Unfortunately, investors’ losses may be even larger than what GPB is reporting. GPB’s numbers are unaudited (and two audit firms have quit or been fired by GPB while auditing its financials), so no third party has verified their accuracy. In addition, these values provided by GPB are for 2018; the company has not disclosed what has happened to their funds’ value in the last six months.

GPB has still not provided any information about what caused the funds to decline in value.

If you invested in GPB Automotive, GPB Holdings II, or any other GPB funds losing value, you are encouraged to speak with a securities attorney immediately. We may be able to recover your losses.
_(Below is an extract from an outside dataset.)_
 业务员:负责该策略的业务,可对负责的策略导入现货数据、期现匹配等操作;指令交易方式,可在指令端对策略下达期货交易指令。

InvestmentNews: Brokers Were Incentivized to Sell GPB with 9.3% Commissions

According to an InvestmentNews article published in June of 2019, GPB paid broker dealers 9.3% commissions to sell these high-risk private placements to investors, and in total, broker dealers brought in $167 million in fees and commissions for the $1.8 billion it raised from investors.  According to the article:

[A]s clients were paying steep commissions, the value of what they actually own in their investments dropped dramatically. GPB last week estimated the value of its seven funds to be $1.1 billion, or 61% of the initially raised capital.

It has been reported that a former officer from one of these broker-dealers came forward as a whistleblower to allege that GPB Holdings II should have never been approved for sale to retail customers because, “GPB Capital Holdings, LLC, were utilizing investor funds to monetize personal business interest.”
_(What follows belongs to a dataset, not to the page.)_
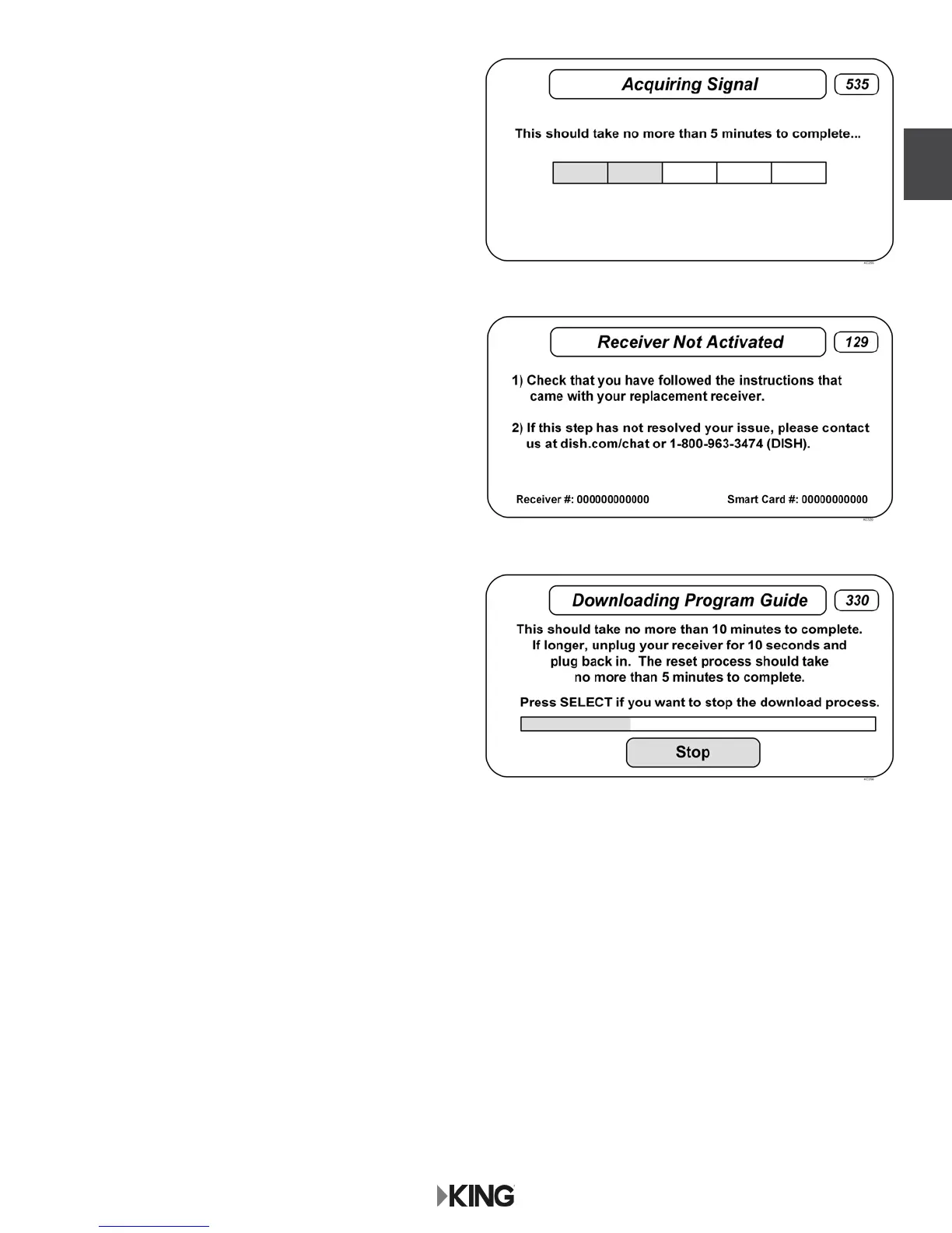 Acquiring Signal message will display.

And a former business partner of GPB has accused the company in court filings of running a Ponzi scheme, according to InvestmentNews.

We have filed a variety of different cases against financial advisors and stock brokers on behalf of GPB investors. If your stock broker or financial advisor recommended you invest in GPB Capital, you may have a claim. We can help you hold your advisor, and their firm, accountable for your losses.

GPB Once Again Delays Release of Audited Financial Statements

On September 10, 2019, many GPB investors received letters informing them that “new challenges” have impacted GPB’s ability to provide audited financial statements to investors by September 30, 2019, as previously promised.

This delay comes months after InvestmentNews reported that GPB Capital announced sharp declines in the values of its investment funds. According to the article, GPB revealed that at the end of 2018, its funds had declined in value by 25% to 73%, with its two largest funds declining by nearly 40% and 25.4% respectively. These values were not audited by a third party, and the company has still not revealed the true and current value of the funds for 2019.

InvestmentNews: “GPB has a history of missing such deadlines”

In September of 2019, InvestmentNews published an article about the newest delay, noting that this is not the first time GPB has missed a deadline and kept vital information from investors. The article states:

In the spring of 2018, the firm failed to produce audited financial statements for two of its largest funds, GPB Holdings II and GPB Automotive Portfolio, and then last summer it said it was overhauling and restating the 2015 and 2016 financial statements of certain funds as part of an accounting review. By last fall, its auditor and accountant, Crowe, resigned.

InvestmentNews points out that GPB is now citing “fresh problems” for their newest delay. According to the article, the missing of this deadline seems to be just one of many difficulties GPB has faced in the past year. Other problems cited by the article include a sharp decline in the company’s two biggest funds and a lawsuit filed against GPB by a former executive.

GPB continues to withhold vital information from shareholders. We will continue to investigate and hold GPB accountable for its actions.